A search for things better known whilst weeping,
And understood not at all.
—The Goat’s Heart, PROTATHIS
Early Autumn, 20 New Imperial Year (4132, Year-of-the-Tusk), the northeast shore of the Neleöst
Dreams came, dark tunnels beneath weary earth …
A ridge against the night sky, curved like a sleeping woman’s hip.
And upon it two silhouettes, black against clouds of stars, impossibly bright.
The figure of a man seated, crouched like an ape, legs crossed like a priest.
And a tree, branches swept up and out, vein-forking across the bowl of the night.
And the stars revolve about the Nail of Heaven like clouds hurried across winter skies.
And the Holy Aspect-Emperor of the Three Seas stares at the figure, stares at the tree, but cannot move. The firmament cycles like the wheel of an upturned cart.
The figure seems to perpetually sink for the constellations rising about him. He speaks, but his face cannot be seen.
I war not with Men, it says, but with the God.
“Yet no one but Men die,” the Aspect-Emperor replies.
The fields must burn to drive Him forth from the Ground.
“But I tend the fields.”
The dark figure stands beneath the tree, begins walking toward him. It seems the climbing stars should hook and carry him in the void, but he is like the truth of iron—impervious and immovable.
It stands before him, regards him—as it has so many times—with his face and his eyes. No halo gilds his leonine mane.

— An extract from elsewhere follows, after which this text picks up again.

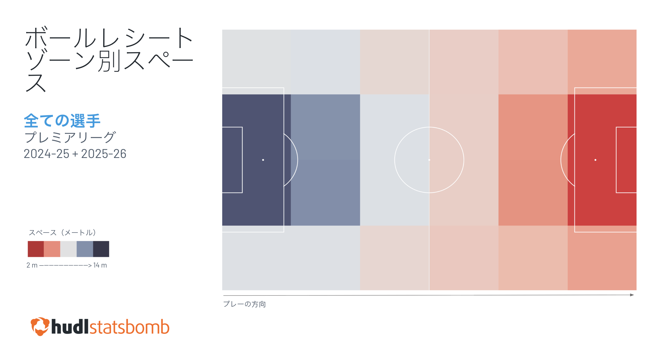 当社の Statsbomb 360 データは、選手がより後方でボールを受けるほど、一般的にプレーするためのスペースが増えるという仮定を裏付けています(灰色系はより多くのスペース、赤色系はより少ないスペースを示します):

Then who better to burn them?
For Sranc, the ground was meat, and so the desolation of the land was complete. The Neleöst had fallen unnaturally calm, lapping the grey bea
ches with swampish lassitude. It climbed into a distance bleak for want of feature, the line of the horizon smeared from existence, so that Creation coiled without demarcation into the greater scroll of the sky. Their left flank secure, the Men of the Circumfix crossed the southern marches of what had once been Aörsi, the most warlike of the great High Norsirai nations. Illawor, the province had been called, and in ancient times, it had been quilted with fields of sorghum and other hardy cereals. The Ordealmen spied the ruins of what they thought were small forts peppered across the despoiled landscape, but were in fact ancient byres. Every homestead had been a bastion in ancient Aörsi ere the First Apocalypse. Men slept with their swords, wives with their bows. Children were taught how to commit suicide. Skûlsirai, they called themselves, the “Shield-People”.
Now the Great Ordeal chased the Horde across the waste that remained of their land, consuming those Sranc they butchered as they marched. New names were needed, given the revulsion and disgust milled into their existing epithets. To eat Sranc or skinnies or muckers was to eat excrement or vomit or even worse. The Ainoni began calling them “Catfish”, for the slicked skin, the pallor, and because they swore the beasts tasted like the black rivers roping the Secharib Plains. But the name soon fell into disfavour. Despite the advantage of euphemism, it seemed too flaccid a term to capture the madness of eating the creatures.
“Meat” soon became the term of choice, at once generic and visceral, a symbolic condensation of both the fact of their obscenity and the point. To eat was to dominate, to conquer as they needed to conquer. But it was horror as well, for their nightly feast could be nothing other than horror, the encampment dazzled with bonfires, greasy for shadow, adorned with innumerable dismemberments, butchered Sranc swinging on ropes, heaped into seeping piles, their innards coiled in oily puddles of violet and black.
None could say precisely when it happened, when feast had become bacchanal, when dining had become something more than chewing and swallowing—something darker. At first, only the most sensitive souls among them could discern the difference, how a growl seemed to perpetually hang from the back of their throat, and a savagery from the back of their soul—a furious inkling that others seemed more and more prone to act out. Only they could sense that the Meat was changing them and their brothers—and not for the better. What had been wary became ever more reckless. What was measured became garish by imperceptible degrees.